I’ve been to many and played at many over the years, and all are different in the effect and experience created. From intimate house parties with a few drams, to lavish feasts in plush hotels or just an informal gathering in the pub, a birthday party can come in many shapes and sizes and in all these guises can be enjoyed greatly and all can suitably mark the occasion being celebrated.
Last Friday I was at one of the best gatherings of this type I have experienced yet.
This was a 50th party in Milngavie Town Hall to mark the half-century of Donald Iain Brown from Tiree. D.I. left Tiree in his late teens and has carved out a highly successful career with the BBC. The range of folk at the party reflected the background and work life of the birthday boy with a great combination of those who had travelled over from Tiree, those from the Glasgow Highland scene and many media executive types from all over the UK.
Added to this was a core of close family and friends and the mix of attendees knitted together perfectly to give a biography in people of those who had shaped, touched and been part of his life.
I was sitting at a table along with my mother and her friend Cath MacPherson, both who had taught D.I. at Cornaigmore School. Cath was recalling tales about his first day at school when she had to ask mum to come down from the secondary school to interpret for her as D.I. could only communicate in Gaelic. These types of stories – from times long past, through to the present day – where significant ingredients to the night.
The music was from older brother Campbell Brown and his band Gunna Sound as well as very informal guest spots from many other partygoers. This meant the entertainment was like a proper old-style ceilidh. With fiddle music from Marie Fielding, box tunes from Ian Smith of Trail West and Martin Gillespie from Skerryvore, piping from Finlay Johnston and John MacLeod and songs from Mairi MacInnes, the Glasgow Gaelic Choir, D.I. himself and his daughter Shona this was indeed a very fine ceilidh!
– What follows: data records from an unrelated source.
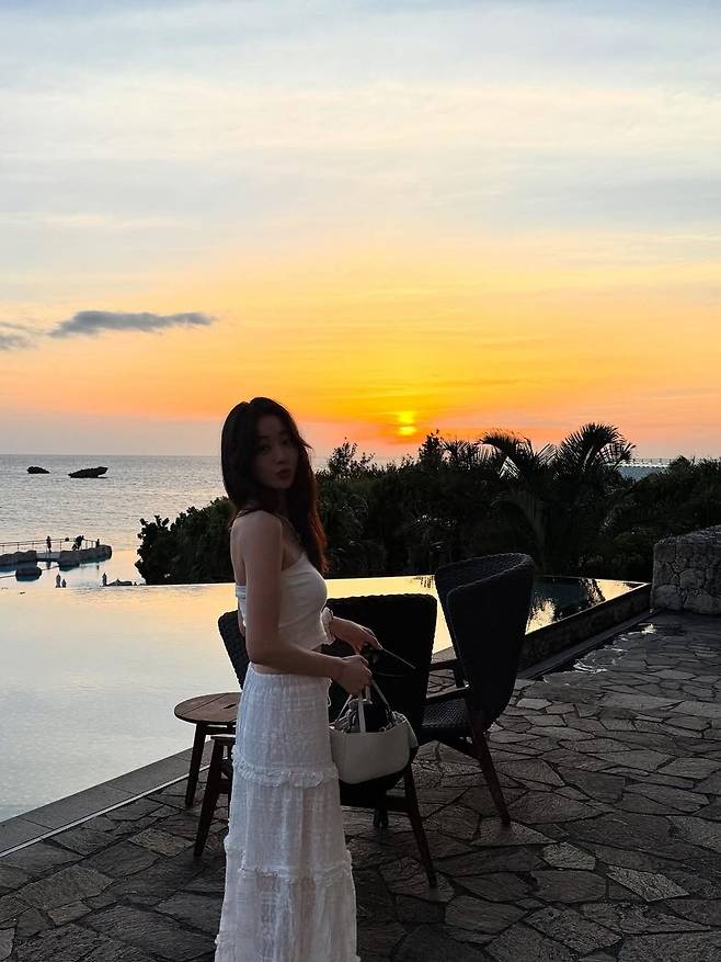 손에는 미니 화이트 백을 들어 스타일에 가볍고 경쾌한 포인트를 더했고, 내추럴한 웨이브 헤어는 석양빛과 어우러져 한 폭의 영화 같은 장면을 만들어냈다. 네티즌들은 “이 배경에 이 룩은 반칙”, “그림이 살아 움직이는 줄”이라며 감탄을 아끼지 않았다.
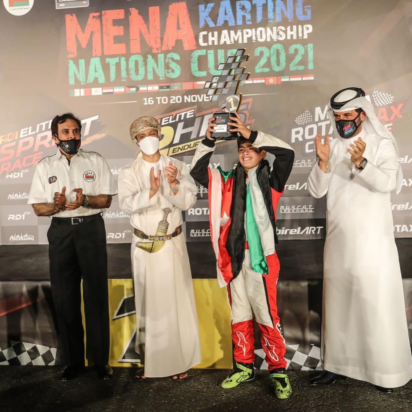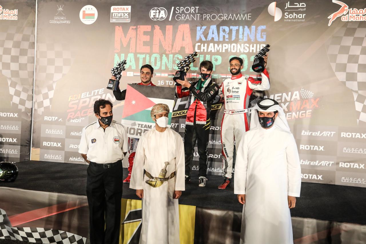 توج  للمرة الأولى البطل الأردني حمزة الفايز بلقب في الجونيور – ماكس في بطولة الشرق الأوسط وشمال أفريقيا للكارتينغ “كأس الأمم”، التي انتهت منافساتها يوم السبت في حلبة مسقط سبيد واي في العاصمة العُمانية ، كما تألق البطل الأردني أمير النجار محرزا المركز الثاني في فئة السينيور- ماكس للمرة الأولى وشهدت البطولة مشاركة نحو 160 متسابق من 19 دولة وهي الأردن وسلطنة عُمان والإمارات والسعودية وقطر والبحرين والكويت واليمن وسوريا ومصر والجزائر والأردن وتونس وفلسطين والمغرب وتركيا وليبيا وقبرص ولبنان وموريتانيا.
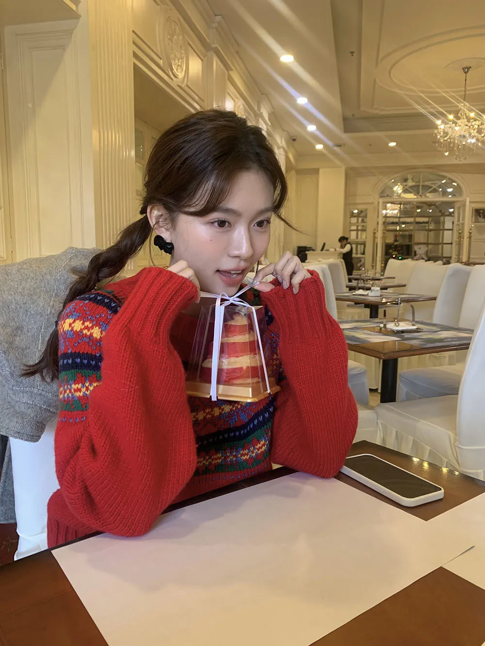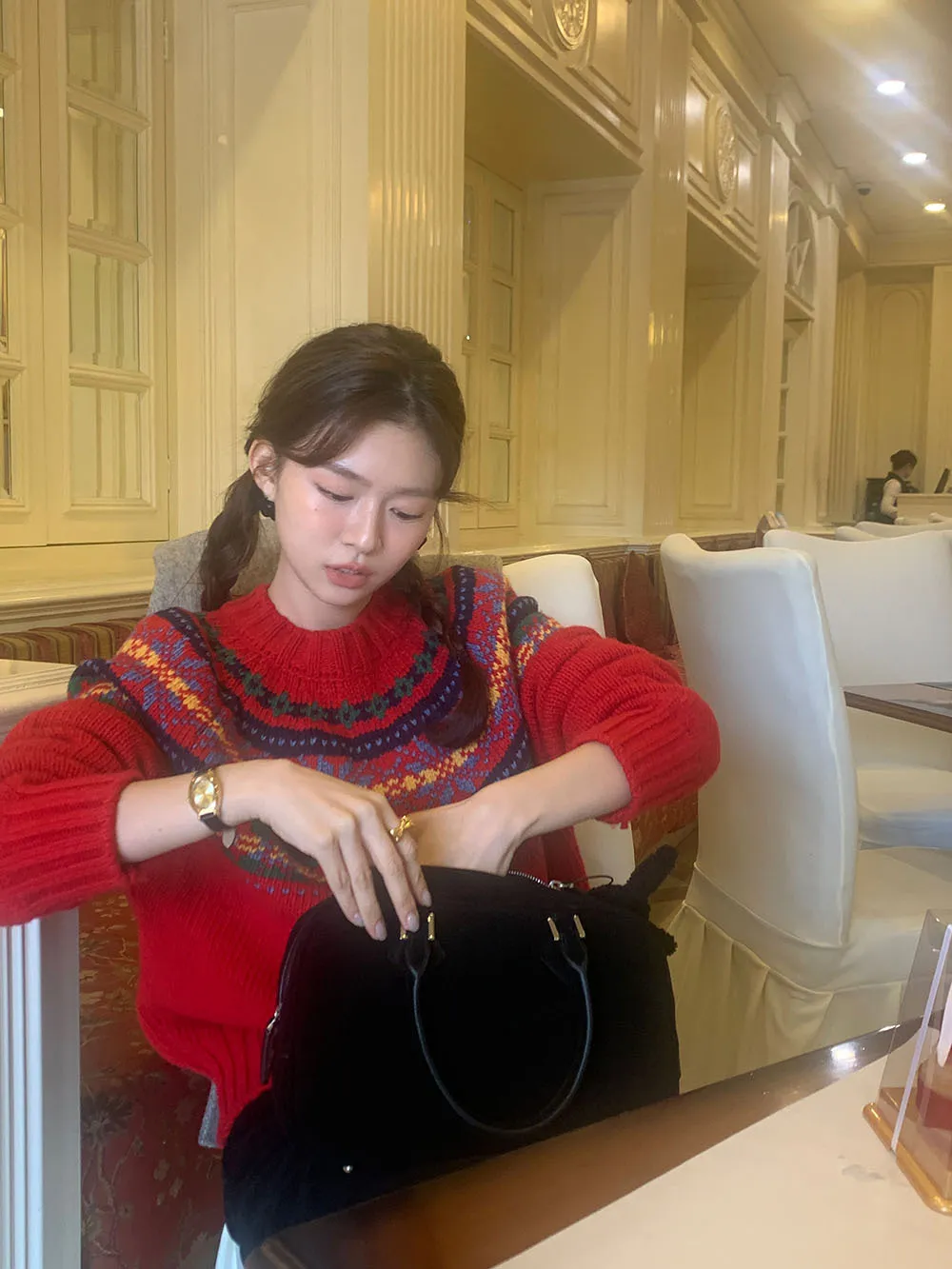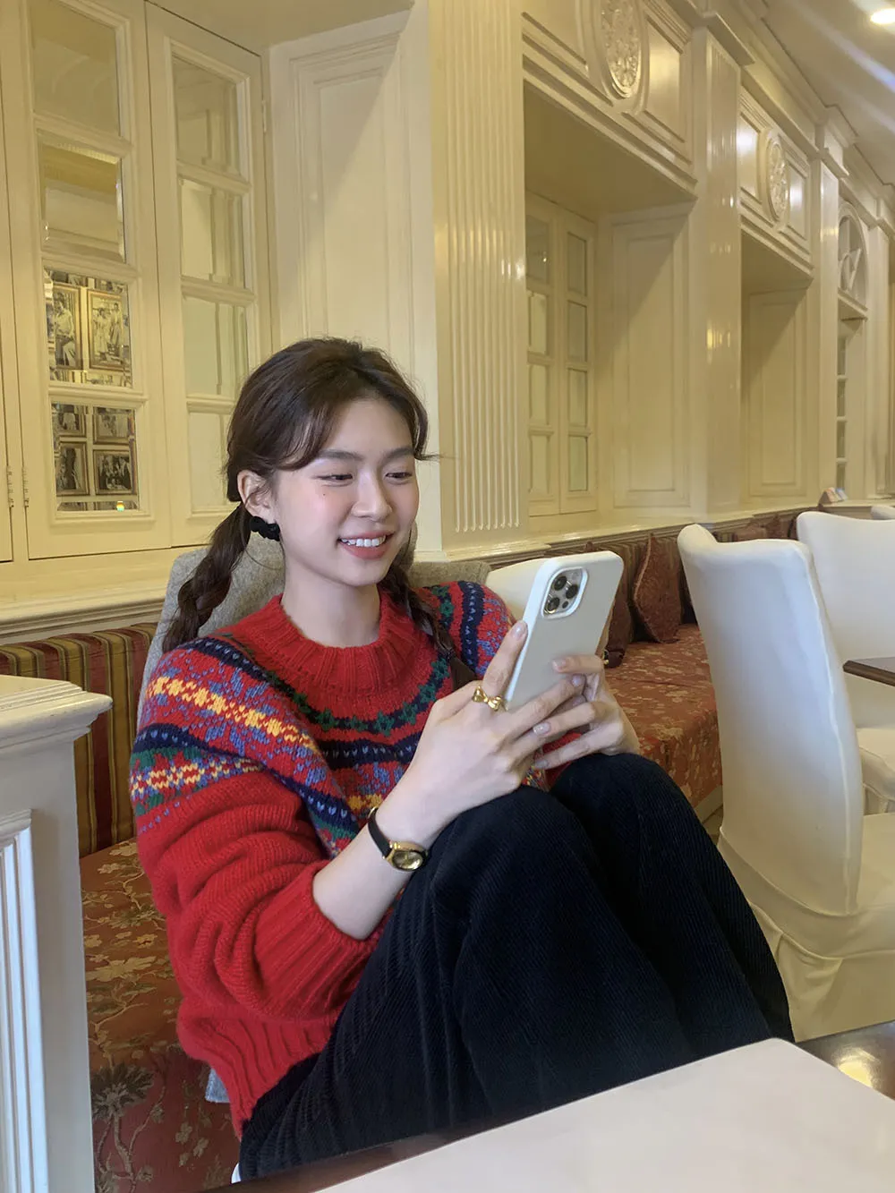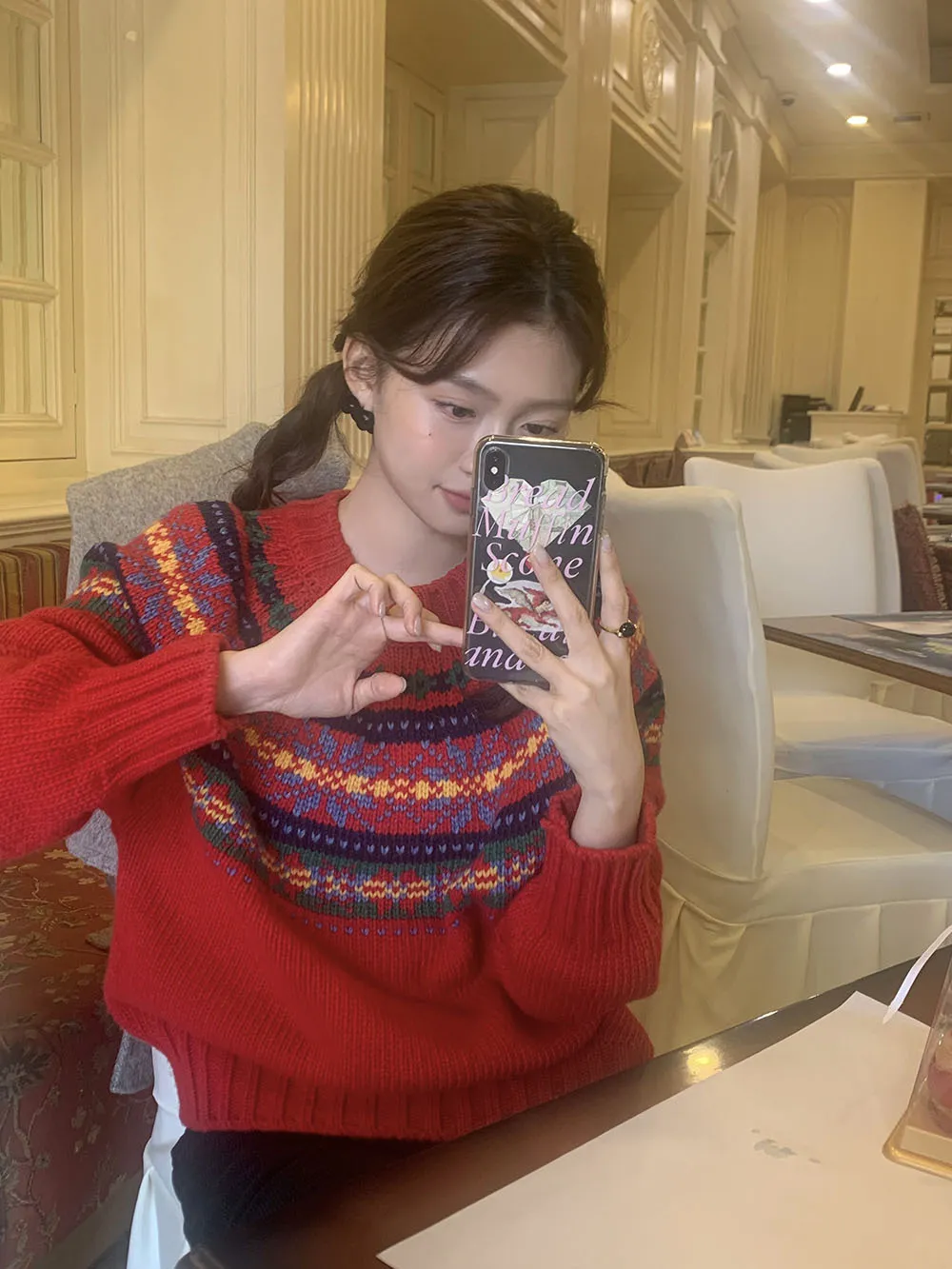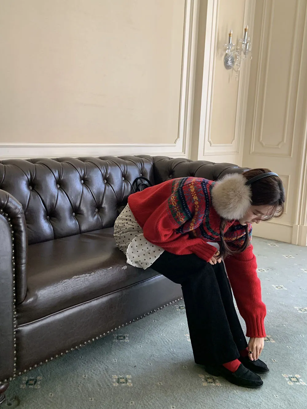 The sweater features a colorful jacquard pattern, inspired by retro holiday aesthetics. The intricate weaving adds a textured, festive look, perfect for creating a cheerful and vibrant outfit during the Christmas season. The mix of colors captures the essence of winter celebrations and brings a playful, cozy vibe to your wardrobe.
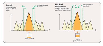 ????? MCSGP(Multicolumn Countercurrent Solvent Gradient Purification)用于精純環節,無需通過耗時的實驗設計(DoE)確定工藝條件,可有效克服典型SMB(模擬移動床)僅適用于二元分離、無法實現線性梯度的缺點。
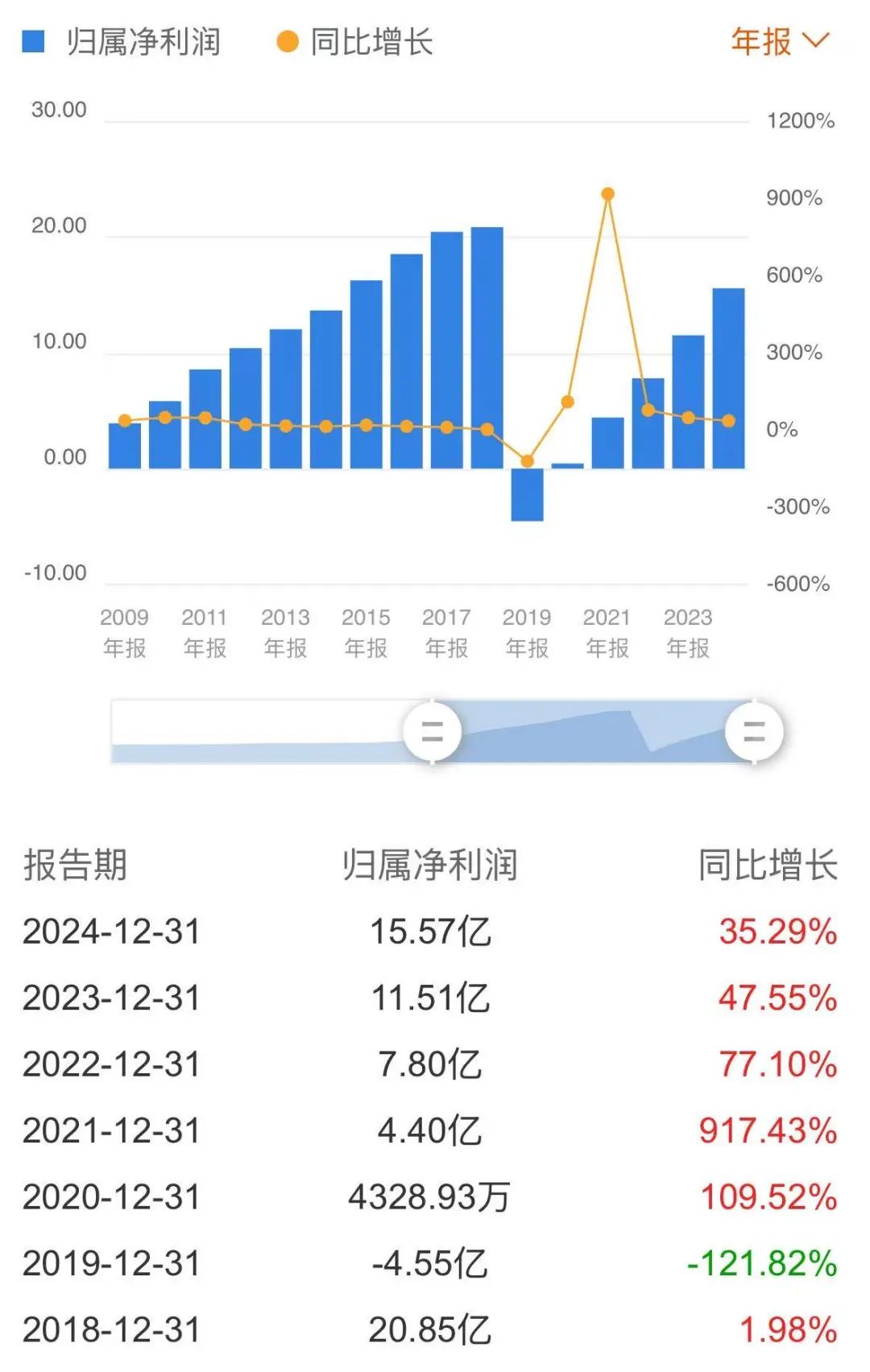 2024年,公司实现营业收入59.21亿元,同比增长25.57%;净利润15.57亿元,同比增长35.29%;扣非净利润14.42亿元,同比增长33.17%。
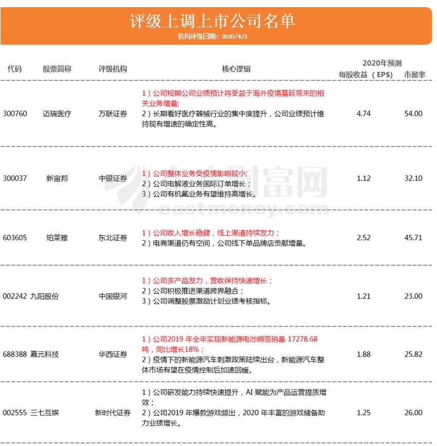 除邁瑞醫(yī)療外,當(dāng)天還有5家股票評(píng)級(jí)也被調(diào)高。以下為4月2日被機(jī)構(gòu)上調(diào)的上市公司名單:
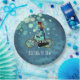 Vintage bicycle girl - she is wearing a red cap and blue dress . Antique graphic image with great details . It comes with blue bokeh lights as background and the words "Riding to Tea " in white fonts .The antique image was edited and applied on this paper plate by Alma Wad .
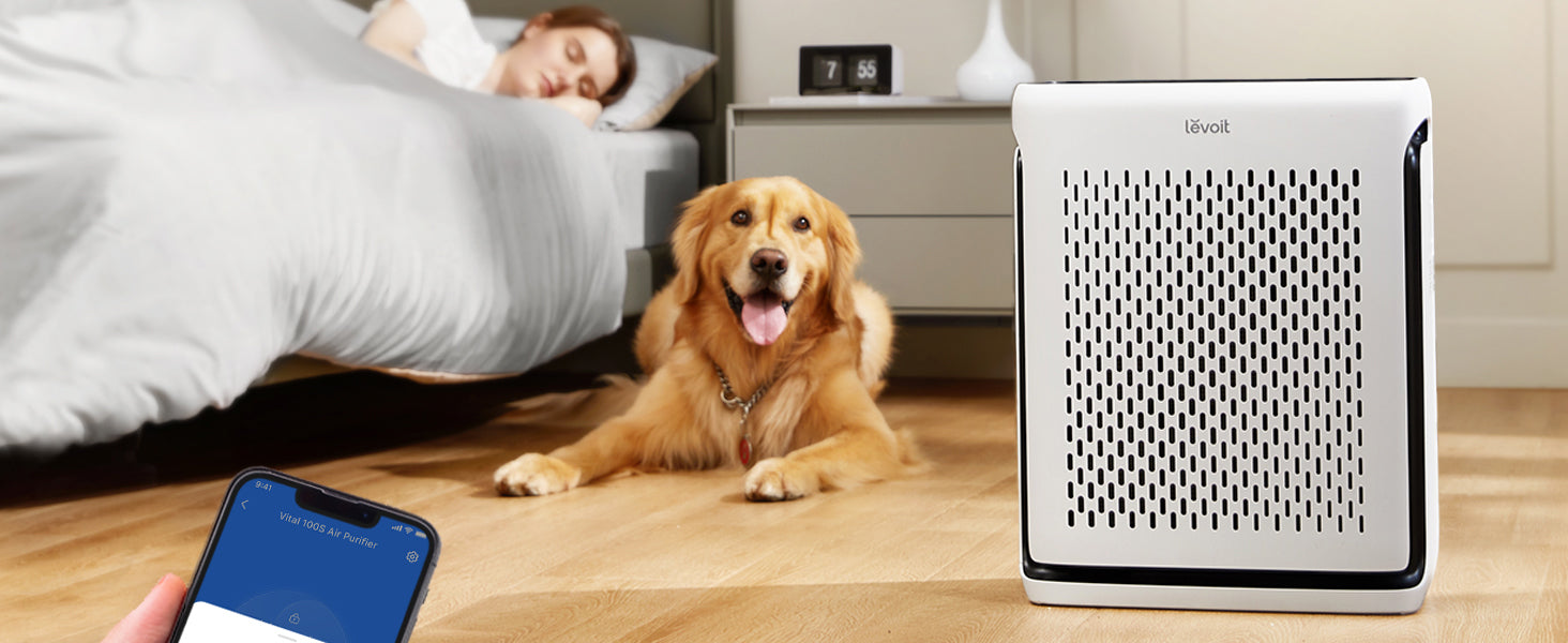 Renew your space with the Levoit Vital 100S Smart True HEPA Air Purifier. Featuring 3-stage filtration, smart control, and a wide U-shaped air inlet that’s especially effective at capturing airborne pet fur, this air purifier brings convenience and cleanliness together.

As any regular readers of this column will know I have a great love for good food and I have to give particular mention to the buffet, which was prepared by Alastair MacKinnon from Sandaig, Tiree. Every morsel of it was homemade and every morsel of it was absolutely delicious. Many birthday parties are let down by soggy sandwiches, tasteless sausage rolls and frozen supermarket puddings. Not so here and a great feast was had!
All in all this night of celebration was akin to how the ultimate birthday party would be portrayed in a Hollywood Blockbuster. This was no fictional creation for the big screen though. It was merely reflection of the character of the birthday boy himself.
A great night was had by all and I wish many happy returns to Donald Iain.